Their Machiavellian power plays continue to the bar, where Stacie orders them some drink with mulled wine and brandy, then piles on whipped cream. (Did she bring her own supply?) Like Elsbeth, Stacie has her some quirks. She’s trying not to curse so much, so she says “fish” instead of “fuck.” Speaking of fishing, she tells Eli, “I desire you.” Eli takes the bait. “Well go ahead, make the first movie. Right here. I’m ready. You’re the one who desires me. I’m pliable. So ply me.” No plying happens, this time, but there is some hot talk about the destabilize-your-enemy war strategies of Sun Tzu versus the impenetrable ancient Israeli fort Masada (which clearly represents Eli in all his Jewiness). Their encounter ends with Stacie spraying Eli’s hand with whipped cream an licking it off. “Okay. This is lacking subtlety,” Eli observes.
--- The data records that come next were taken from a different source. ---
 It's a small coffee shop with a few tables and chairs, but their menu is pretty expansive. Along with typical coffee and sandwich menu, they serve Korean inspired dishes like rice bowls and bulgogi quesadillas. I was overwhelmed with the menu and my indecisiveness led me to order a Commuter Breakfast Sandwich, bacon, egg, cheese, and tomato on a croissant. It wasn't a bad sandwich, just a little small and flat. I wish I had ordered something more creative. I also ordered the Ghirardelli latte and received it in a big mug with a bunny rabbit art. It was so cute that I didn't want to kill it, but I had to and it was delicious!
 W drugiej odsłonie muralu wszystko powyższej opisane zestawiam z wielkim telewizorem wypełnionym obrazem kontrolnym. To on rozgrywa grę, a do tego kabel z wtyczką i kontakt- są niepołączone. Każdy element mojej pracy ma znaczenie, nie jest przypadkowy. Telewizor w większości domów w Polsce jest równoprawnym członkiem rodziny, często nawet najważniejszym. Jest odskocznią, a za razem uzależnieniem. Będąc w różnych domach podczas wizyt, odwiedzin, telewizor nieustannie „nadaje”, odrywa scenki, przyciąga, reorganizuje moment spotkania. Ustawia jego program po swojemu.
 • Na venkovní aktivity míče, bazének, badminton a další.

Meanwhile, Caitlin once again proves that she’s not just a dumb blonde who got her job through nepotism. (Though nepotism isn’t all bad: In a rare moment of being human, David Lee marches into Eli’s office and tells him to stop fucking with her; that she is the only thing he loves in this world.) From reading gay blogs — guess she and Eli have something in common — Caitlin realizes that GLAC isn’t looking for a crisis manager to go up against the Defense of Marriage Act, but for someone who can save the ass of the head of their board, who wrote a letter supporting the AT&T merger with T-Mobile, and then got a $60,000 grant from AT&T. Eli changes his pitch last minute and wins the lucrative account. This he tells Stacie over more playing chicken at the bar. They crash into the world’s most awkward kiss (it’s Alan Cumming and Amy Sedaris; even they’re not good enough actors to make us believe that would actually happen). Still, it’s hilarious. Eli tells Stacie he got the GLAC account, “but I still desire you.” “Okay,” she says. “Let’s go. Let’s have intercourse.”
And then as Eli is pulling up his pants, hair tousled after some mighty good “fishing” that he spots Parker Posey’s face on a brochure for “Vanessa Gold for State Senate.” So Stacie is going to be running Eli’s ex-wife’s campaign. This should be good.
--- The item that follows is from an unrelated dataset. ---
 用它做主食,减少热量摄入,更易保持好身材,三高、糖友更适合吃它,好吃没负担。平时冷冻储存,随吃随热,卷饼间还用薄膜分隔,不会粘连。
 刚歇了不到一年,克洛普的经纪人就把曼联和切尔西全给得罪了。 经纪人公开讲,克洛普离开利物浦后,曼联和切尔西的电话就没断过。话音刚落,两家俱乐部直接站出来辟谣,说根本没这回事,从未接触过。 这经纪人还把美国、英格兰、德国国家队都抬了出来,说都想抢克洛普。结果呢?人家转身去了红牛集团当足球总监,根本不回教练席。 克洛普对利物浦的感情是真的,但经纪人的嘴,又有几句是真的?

Meanwhile, Alicia is pacing the kitchen, getting ready to tell her kids about what she had to admit in court when Kalinda calls to give her the news that Will wasn’t indicted. They’re having a party to celebrate, and Will and Diane dance like a couple on their golden anniversary and still in love.
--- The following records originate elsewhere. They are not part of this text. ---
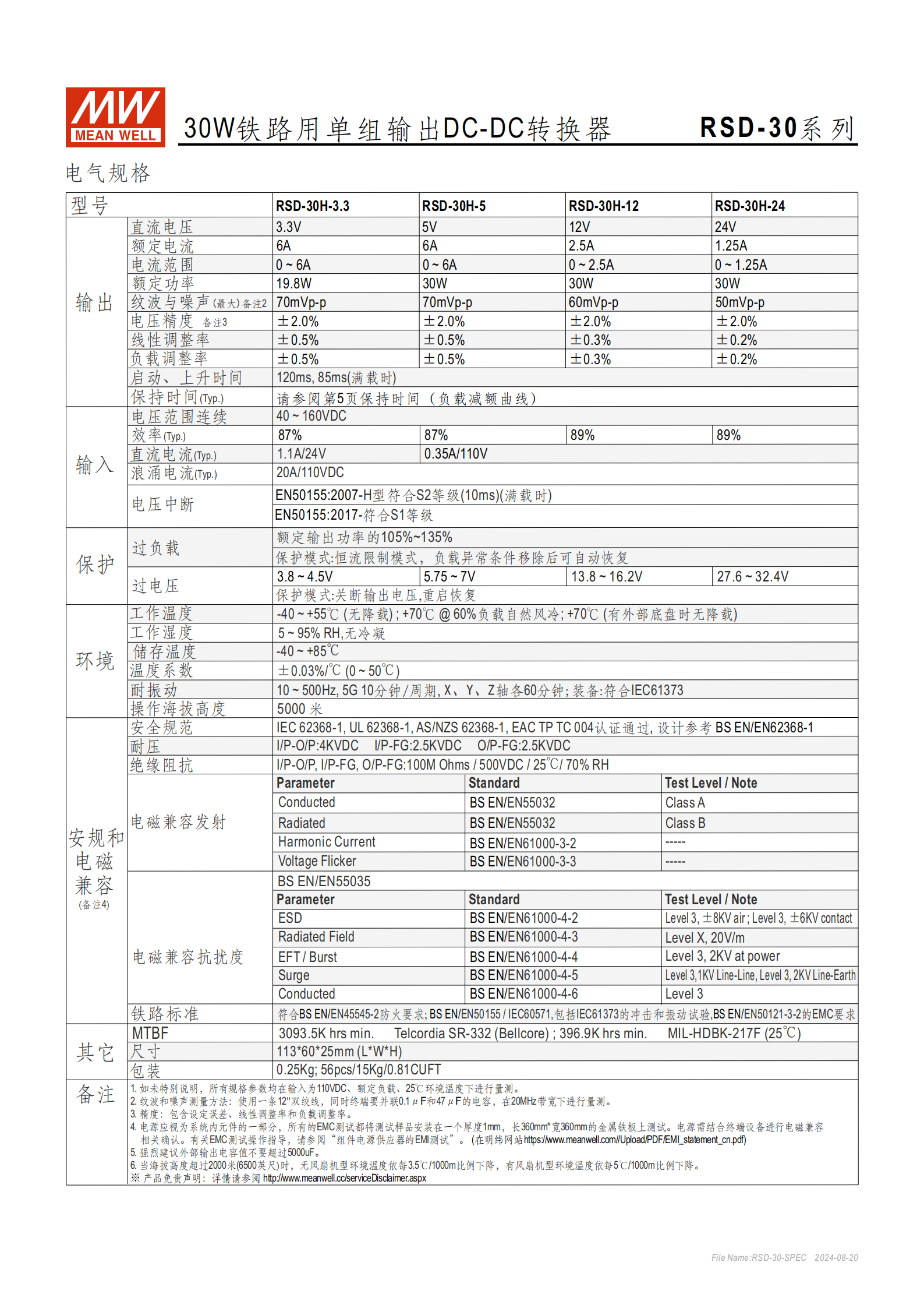 RSD-30 系列是明緯推出的 30W 鐵路用單組輸出 DC-DC 轉(zhuǎn)換器,擁有G/L/H 三種型號(hào)對(duì)應(yīng) 9~36VDC、18~72VDC、40~160VDC 的4:1 寬輸入范圍,輸出電壓可選 3.3V/5V/12V/24V,具備 **-40~+70℃寬工作溫度 **、4000VDC 輸入輸出加強(qiáng)隔離等特性,通過EN50155、EN45545-2等鐵路專用認(rèn)證,擁有短路 / 過負(fù)載等多重保護(hù),采用 1U 外型(1136025mm)、灌半膠設(shè)計(jì),自然風(fēng)冷,無最小負(fù)載要求,MTBF 達(dá)3093.5K hrs(Telcordia SR-332),適用于鐵路、有軌電車等運(yùn)輸系統(tǒng)及高振動(dòng)、高灰塵的惡劣環(huán)境,提供 3 年保固。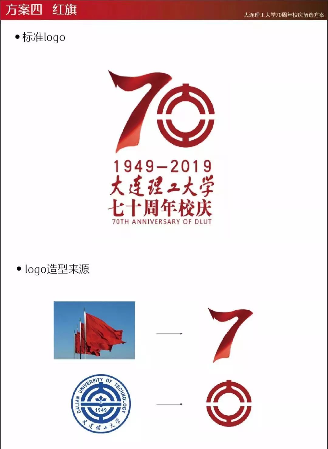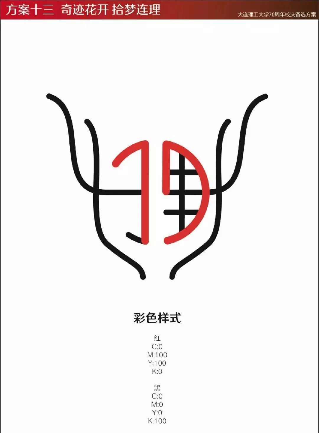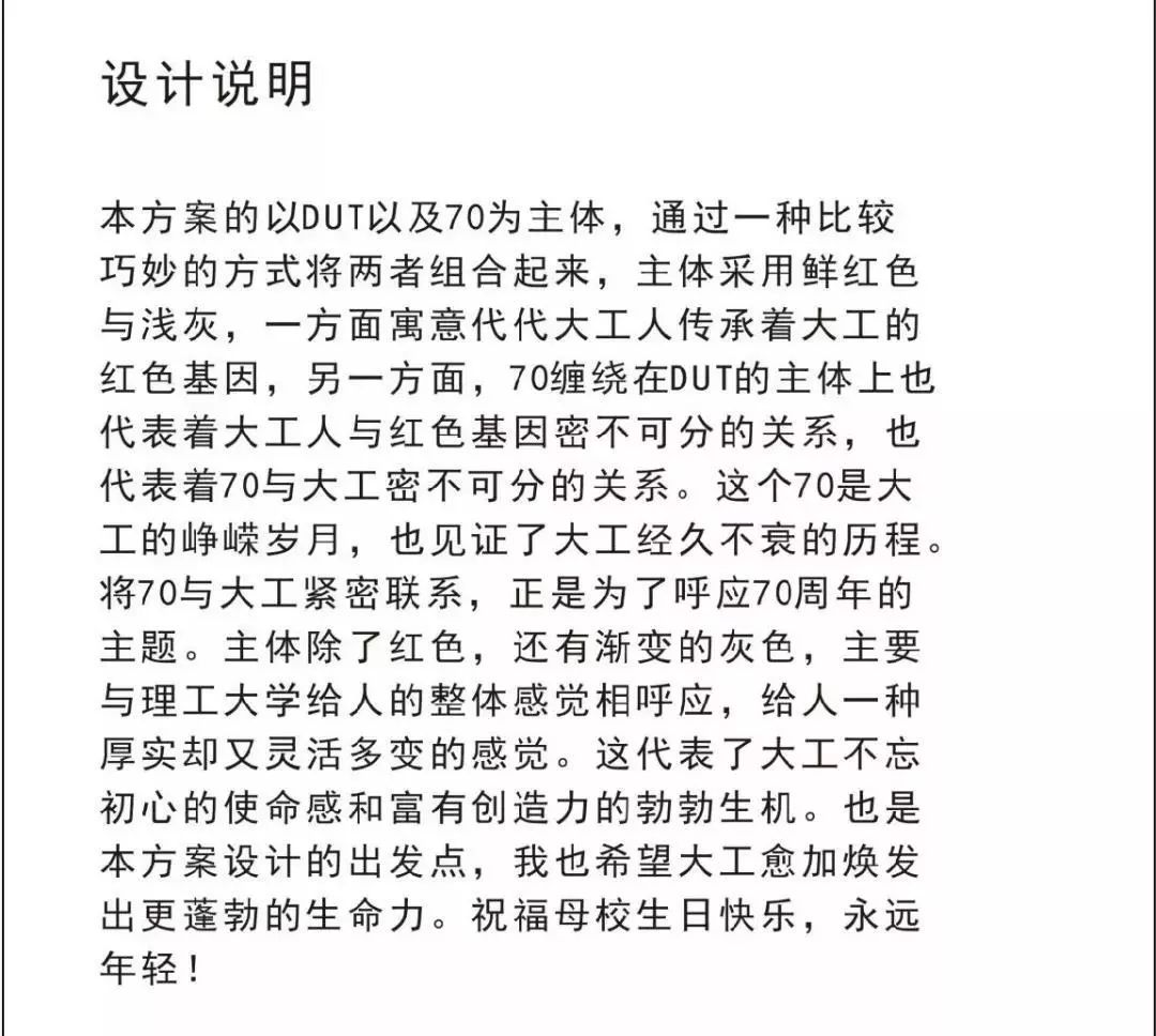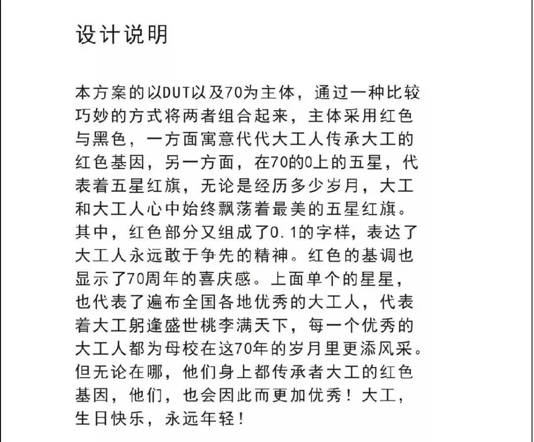 2018年12月,大连理工大学70周年校庆LOGO征集活动正式启动,学校通过主页、“大连理工大学”官方微信公众号等平台同时面向全体师生、海内外校友,以及关心支持学校发展的社会各界人士,公开征集70周年校庆标识(LOGO)作品。截至2019年2月,共收到LOGO设计方案82件。经多轮评议、遴选,最终确定入围作品13件。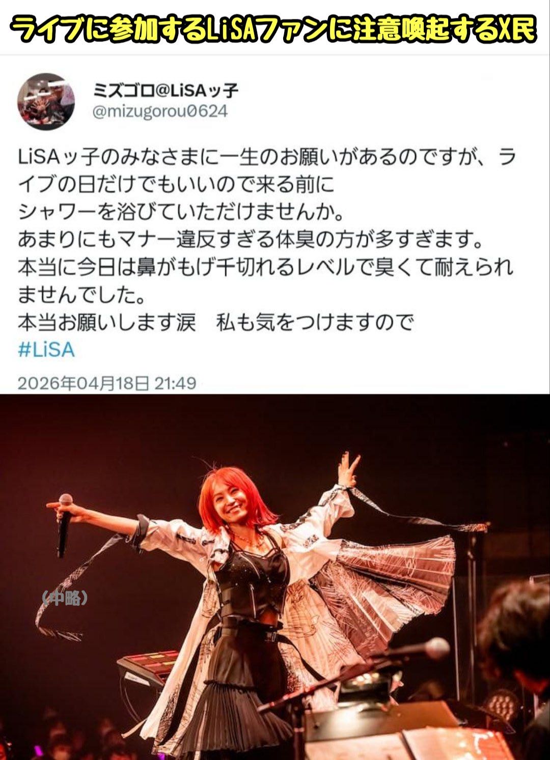 | … | 24126/04/20(月)11:06:33No.1422120972+LiSAのライブ行くならそれくらい覚悟の上だろ… |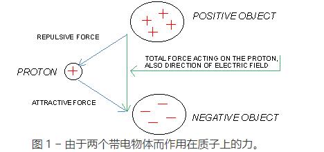 当观察到电子排斥其他电子但吸引质子时,“电场”的概念就出现了。这种吸引-排斥实际上在电子或质子发现之前就已经存在了。早期的测量研究了物体在用布或毛皮摩擦后碰巧获得过量或缺乏电子的力。如果两个电子相距一厘米,每个电子将受到 2.3 x 10 -24 克当量的排斥力。将分离距离加倍会将力减少到四分之一。将一侧的电子数量加倍将使作用在另一侧的孤立电子上的排斥力加倍。大多数物质是中性的,因此它含有相同数量的质子和电子。然而,有时电子会被有意或无意地从一个物体上移走,并沉积到另一个物体上。如果质子(或其他带正电的物体)放置在这两个带电物体附近,质子将被具有多余电子的负物体吸引,同时被缺少一些电子的正物体排斥。作用在质子上的总力是质子所暴露的电场的量度。作用在质子上的力的方向与电场的方向相同,力的强度与电场的强度成正比。(作用在质子上的力,以克当量为单位,乘以 6 x 10 16,得到以伏每米或 V/m 为单位的电场。)如果用电子代替质子,则力将为电场强度相同但方向相反。如果用两个“绑”在一起的质子代替单个质子,它们将受到两倍的总力。(图。1)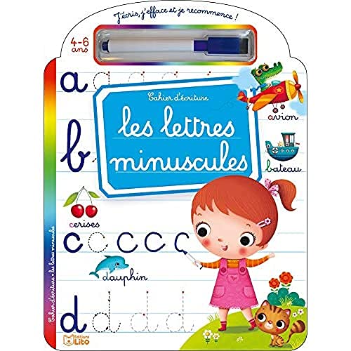 Le titre de ce livre tiré de l’univers du dessin animé Docteur la peluche est : J’écris, j’efface et je recommence: Les lettres minuscules – Dès 4 ans.

But this being the Good Wife, victory is but fleeting. Peter may have ousted Wendy, but she’s now ready to take her evidence of Will’s infractions to the bar association, which surely will not be as lenient as the grand jury. And what is the true vulnerability Will was trying to hide by throwing Dana the McDermott case? Alicia can’t possibly be the only skeleton that has yet to be exposed. Most important — and this is why I love this show — the trial never answered whether Will did or did not bribe judges. He won because he and the firm were smart about strategy and better at gaining the jury’s sympathy. They didn’t win because Will is innocent. Is he?